**Assigned task**
Among the lines of the listing below, retype exactly those from the one containing "Подтвердите покупку после" through the one containing "Outer Shell: 100%", both included. Do not include pictures.

**Data for this task**
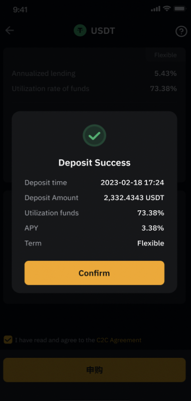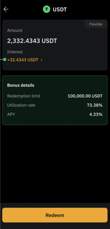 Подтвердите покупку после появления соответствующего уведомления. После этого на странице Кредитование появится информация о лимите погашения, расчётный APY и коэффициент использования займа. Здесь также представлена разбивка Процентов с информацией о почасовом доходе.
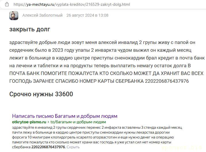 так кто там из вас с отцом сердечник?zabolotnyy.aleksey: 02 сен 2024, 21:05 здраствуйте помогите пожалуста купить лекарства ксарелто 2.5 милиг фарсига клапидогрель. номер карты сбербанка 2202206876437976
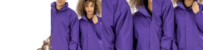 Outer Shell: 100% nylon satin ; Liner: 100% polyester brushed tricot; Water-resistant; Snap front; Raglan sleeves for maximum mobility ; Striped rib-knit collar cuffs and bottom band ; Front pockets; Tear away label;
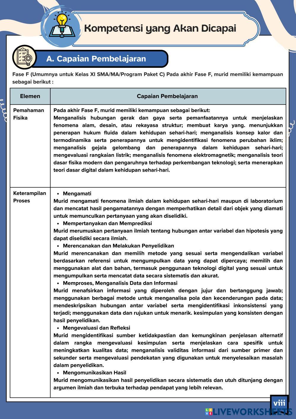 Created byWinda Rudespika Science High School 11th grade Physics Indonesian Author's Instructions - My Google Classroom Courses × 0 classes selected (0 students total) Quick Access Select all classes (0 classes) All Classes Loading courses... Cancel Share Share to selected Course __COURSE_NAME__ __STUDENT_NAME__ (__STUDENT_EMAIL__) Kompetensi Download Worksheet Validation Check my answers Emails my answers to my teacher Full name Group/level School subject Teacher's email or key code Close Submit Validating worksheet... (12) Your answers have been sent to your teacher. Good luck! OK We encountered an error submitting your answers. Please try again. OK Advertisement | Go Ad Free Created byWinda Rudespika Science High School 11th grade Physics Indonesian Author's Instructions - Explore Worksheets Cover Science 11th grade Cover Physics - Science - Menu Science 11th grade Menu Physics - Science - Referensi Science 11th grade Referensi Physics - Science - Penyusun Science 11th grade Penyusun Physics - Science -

--

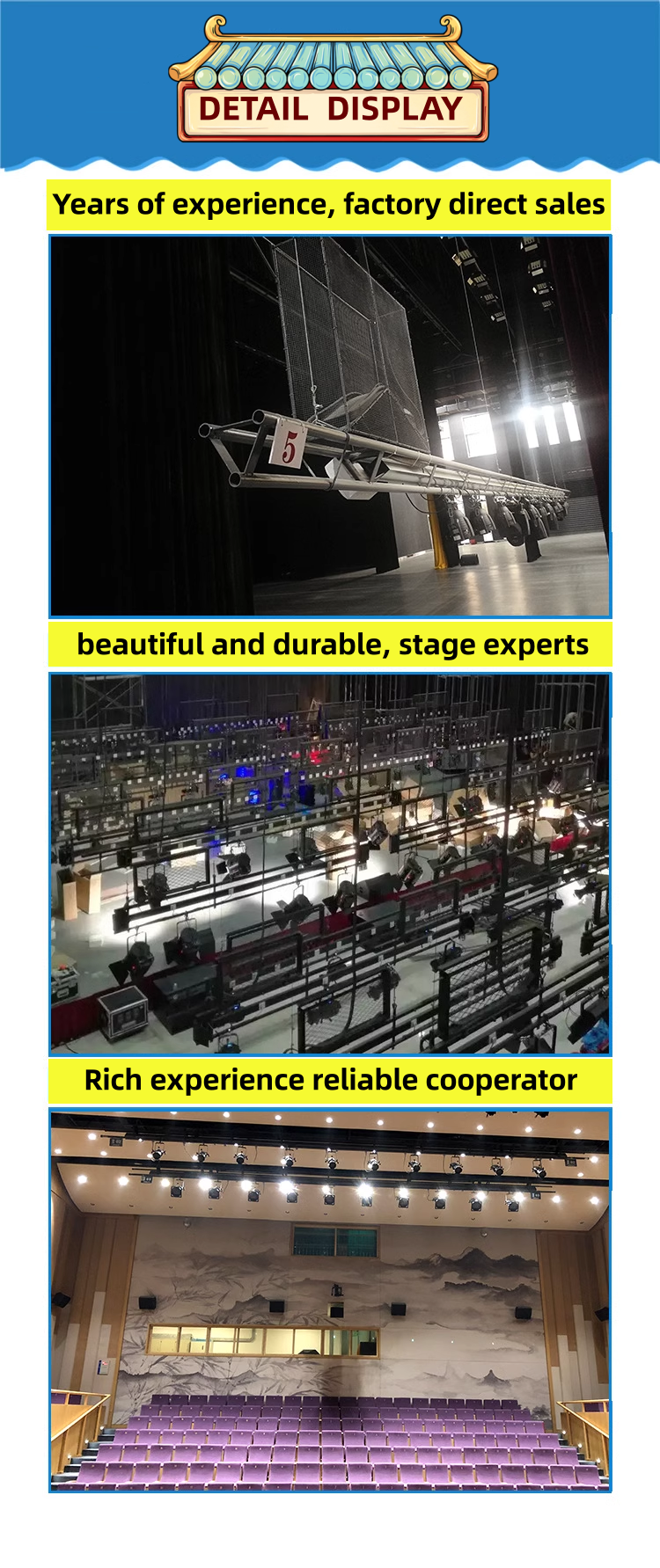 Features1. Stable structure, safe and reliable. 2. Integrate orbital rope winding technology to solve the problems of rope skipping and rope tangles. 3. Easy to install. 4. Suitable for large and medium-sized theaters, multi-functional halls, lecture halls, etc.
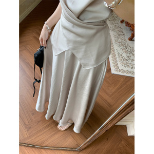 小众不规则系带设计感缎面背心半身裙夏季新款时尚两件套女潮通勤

**Problem solution**
 Подтвердите покупку после появления соответствующего уведомления. После этого на странице Кредитование появится информация о лимите погашения, расчётный APY и коэффициент использования займа. Здесь также представлена разбивка Процентов с информацией о почасовом доходе.
 так кто там из вас с отцом сердечник?zabolotnyy.aleksey: 02 сен 2024, 21:05 здраствуйте помогите пожалуста купить лекарства ксарелто 2.5 милиг фарсига клапидогрель. номер карты сбербанка 2202206876437976
 Outer Shell: 100% nylon satin ; Liner: 100% polyester brushed tricot; Water-resistant; Snap front; Raglan sleeves for maximum mobility ; Striped rib-knit collar cuffs and bottom band ; Front pockets; Tear away label;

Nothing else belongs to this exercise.